Bab 23. Begitu Saja Kok Repot?

6 6 0
                                    


Enam tahun kemudian......

Iklan lowongan si Media SRB menarik perhatian Cinta. Media milik kakaknya itu sedang membutuhkan reporter dengan syarat berijazah S1, aktifis kampus, menyukai dunia jurnalistik dan mau bekerja keras.

"Ini dia nih!" cetus Cinta sambil menjentikan jarinya.

Dengan tergesa Cinta mematikan laptopnya dan mempersiapkan berkas lamarannya untuk di kirim ke media milik Iwan, kakaknya. 'Eh? Gimana kalau kakak tahu?' pikir Cinta bingung.

Cinta yakin kalau kakaknya itu tahu Cinta melamar di perusahaan miliknya, dia pasti marah dan tidak akan mengizinkan Cinta untuk masuk ke perusahaannya sebagai reporter.

"Coba dulu aja deh, siapa tahu lolos, semangat Cinta!" gumam Cinta menyemangati dirinya sendiri.

Selesai mempersiapkan persyaratan untuk melamar, Cinta pun mengirimkan lamarannya itu secara langsung dengan mendatangi kantor SRB. Kantor itu tampak lengang, mungkin karena sebagian besar karyawannya yang merupakan iklan dan redaksi sedang sibuk liputan dan tugas di luar. Cinta mengeluarkan amplop coklat yang berisi berkas lamarannya dari tas, saat dia sampai di meja resepsionis.
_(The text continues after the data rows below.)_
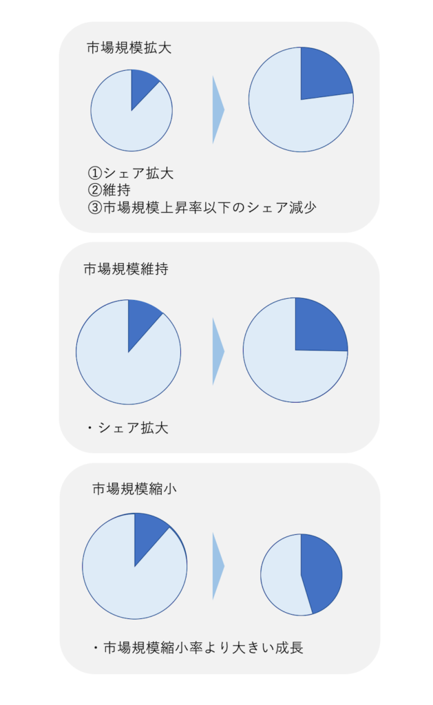 自社シェア:拡大 or 維持 or 縮小
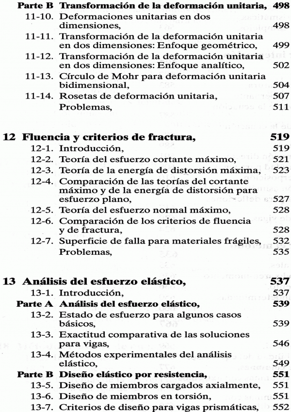 En esta nueva revisión se considera un buen numero de temas de vanguardia. se proporciona una expresión analítica avanzada para la carga cíclica y se presenta una novedosa superficie de falla para materiales frágiles. esto ultimo complementa la famosa superficie de fluencia de van Mises para materiales dúctiles, se incluyen los fundamentos de la base probabilistica del diseño estructural, mientras que los temas mas especializados al respectos se han omitido en esta edición.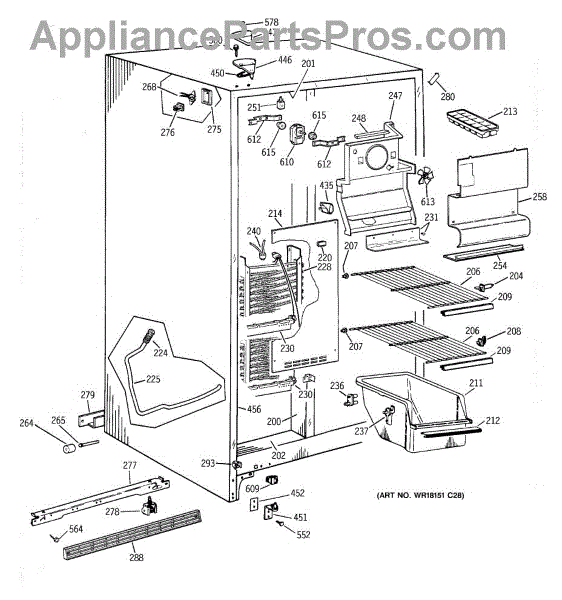 Parts for Ge MSG22GABGWW: 02 - Freezer Section Parts

"Mau melamar jadi reporter ya?" tanya resepsionis itu ramah.

"Iya, kak," sahut Cinta sambil menyerahkan amplop yang berisi berkas lamarannya kepada sang resepsionis.
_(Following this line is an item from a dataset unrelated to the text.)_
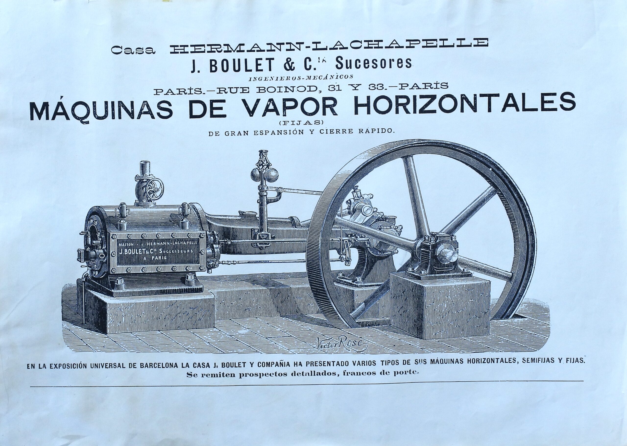 Publicidad, Máquinas de vapor horizontales, cartel antiguo de publicidad, 50×71 cms.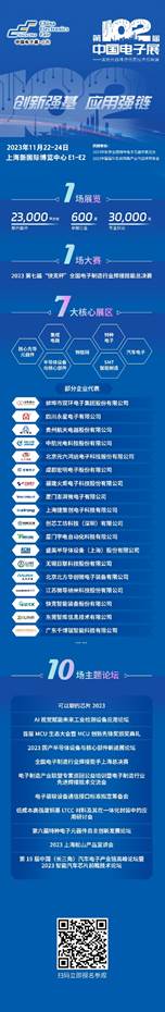 第102屆中國(guó)電子展于2023年11月22日~24日在上海新國(guó)際博覽中心隆重舉行,本屆展會(huì)以"創(chuàng)新強(qiáng)基,應(yīng)用強(qiáng)鏈"為主題,展示區(qū)占地面積達(dá)23,000平方米,來(lái)自全國(guó)各地的600家展商與專業(yè)觀眾將匯聚上海,共同探討新時(shí)期電子行業(yè)發(fā)展的最新態(tài)勢(shì)。本次展會(huì)融合展、會(huì)、賽三位一體,整體發(fā)力,促進(jìn)電子信息領(lǐng)域的技術(shù)創(chuàng)新、應(yīng)用創(chuàng)新、成果轉(zhuǎn)化和產(chǎn)業(yè)鏈協(xié)同。

"Oke, nanti lihat pengumumannya di Email dan di media SRB ya? Sekitar seminggu lagi."

"Baik kak," kata Cinta sambil menganggukkan kepalanya dan mengucapkan terimakasih kepada resepsionis itu sebelum keluar dari kantor SRB.

Wahyu sang Redaktur pelaksana SRB tampak sibuk memeriksa berkas lamaran yang masuk, ketika Dian, sekretaris redaksinya menyerahkan berkas lamaran yang masuk hari ini.

"Lamaran lagi?" tanya Wahyu sambil tersenyum tidak dapat menyembunyikan rasa senangnya. Baru dua hari lowongan di buka sudah ada seratus orang yang datang melamar.

"Iya bos," sahut Dian sambil menaruh setumpuk berkas lamaran di meja Wahyu.

"Ok, Thanks," kata Wahyu sebelum Dian berlalu dari kantornya . Dian hanya menjawab dengan anggukan sebelum dia keluar dari kantor atasannya tersebut.

Seminggu kemudian.....

Lima puluh nama calon yang masuk seleksi pertama diumumkan di akun sosmed SRB dan Cinta menjadi salah satu peserta yang lolos seleksi pertama, pada urutan ke dua puluh lima, gadis itu terlonjak bahagia saat melihat namanya juga tercantum di pengumuman itu.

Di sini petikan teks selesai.